Published in arxiv preprints [cs.CY], 2024

We conducted controlled experimental bias audits for four versions of ChatGPT, which we asked to recommend an opening offer in salary negotiations for a new hire. We submitted 98,800 prompts to each version, systematically varying the employee’s gender, university, and major, and tested prompts in voice of each side of the negotiation: the employee versus employer.

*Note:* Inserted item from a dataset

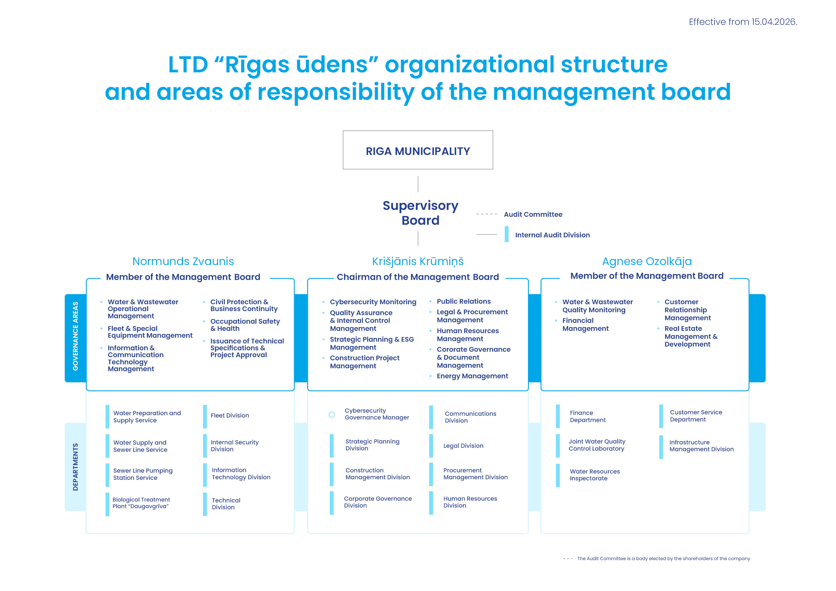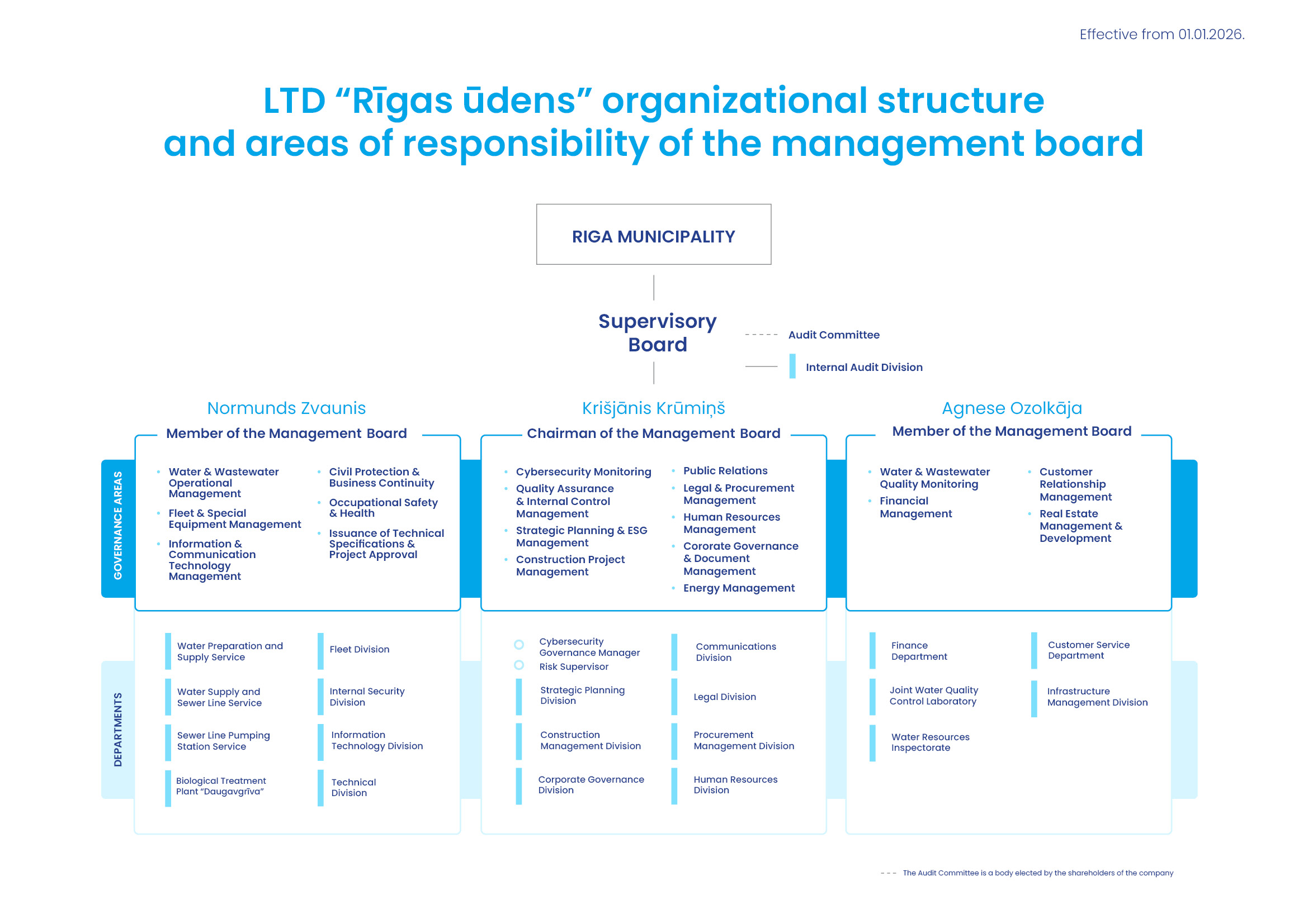 The Management Board of LLC "Rīgas ūdens" consists of three members who ensure the company's operations and development. The board is responsible for the company's day-to-day management, financial oversight, and accounting, in compliance with the Articles of Association, board regulations, and legal requirements. It supervises the use of the company's resources and ensures compliance with established standards and shareholder meeting decisions. The Management Board operates based on the principles set out in the Articles of Association and its own Regulations, in line with applicable laws. The board collectively represents the company, and its members may authorize one or more of their peers to handle specific transactions or types of transactions.

We find ChatGPT as a multi-model platform is not robust and consistent enough to be trusted for such a task. We observed statistically significant salary offers when varying gender for all four models, although with smaller gaps than for other attributes tested. The largest gaps were different model versions and between the employee- vs employer-voiced prompts. We also observed substantial gaps when varying university and major, but many of the biases were not consistent across model versions. We tested for fictional and fraudulent universities and found wildly inconsistent results across cases and model versions. We make broader contributions to the AI/ML fairness literature. Our scenario and our experimental design differ from mainstream AI/ML auditing efforts in key ways. Bias audits typically test discrimination for protected classes like gender, which we contrast with testing non-protected classes of university and major. Asking for negotiation advice includes how aggressive one ought to be in a negotiation relative to known empirical salary distributions and scales, which is a deeply contextual and personalized task that has no objective ground truth to validate. These results raise concerns for the specific model versions we tested and ChatGPT as a multi-model platform in continuous development. Our epistemology does not permit us to definitively certify these models as either generally biased or unbiased on the attributes we test, but our study raises matters of concern for stakeholders to further investigate. Read more

Making Algorithms Public: Reimagining Auditing From Matters of Fact to Matters of Concern

Published in International Journal of Communication, 2024

Stakeholders concerned with bias, discrimination, and fairness in algorithmic systems are increasingly turning to audits, which typically apply generalizable methods and formal standards to investigate opaque systems. We discuss four attempts to audit algorithmic systems with varying levels of success—depending on the scope of both the system to be audited and the audit’s success criteria. Such scoping is contestable, negotiable, and political, linked to dominant institutions and movements to change them. Algorithmic auditing is typically envisioned as settling “matters-of-fact” about how opaque algorithmic systems behave: definitive declarations that (de)certify a system. However, there is little consensus about the decisions to be automated or about the institutions automating them. We reposition algorithmic auditing as an ongoing and ever-changing practice around “matters-of-concern.” This involves building infrastructures for the public to engage in open-ended democratic understanding, contestation, and problem solving—not just about algorithms in themselves, but the institutions and power structures deploying them. Auditors must recognize their privilege in scoping to “relevant” institutional standards and concerns, especially when stakeholders seek to reform or reimagine them. Read more

Community, Time, and (Con)text: A Dynamical Systems Analysis of Online Communication and Community Health among Open-Source Software Communities

Published in Cognitive Science, 2022

Free and open-source software projects have become essential digital infrastructure over the past decade. These projects are largely created and maintained by unpaid volunteers, presenting a potential vulnerability if the projects cannot recruit and retain new volunteers. At the same time, their development on open collaborative development platforms provides a nearly complete record of the community’s interactions; this affords the opportunity to study naturally occurring language dynamics at scale and in a context with massive real-world impact. The present work takes a dynamical systems view of language to understand the ways in which communicative context and community membership shape the emergence and impact of language use—specifically, sentiment and expressions of gratitude. We then present evidence that these language dynamics shape newcomers’ likelihood of returning, although the specific impacts of different community responses are crucially modulated by the context of the newcomer’s first contact with the community. Read more

‘Garbage In, Garbage Out’ Revisited: What Do Machine Learning Application Papers Report About Human-Labeled Training Data?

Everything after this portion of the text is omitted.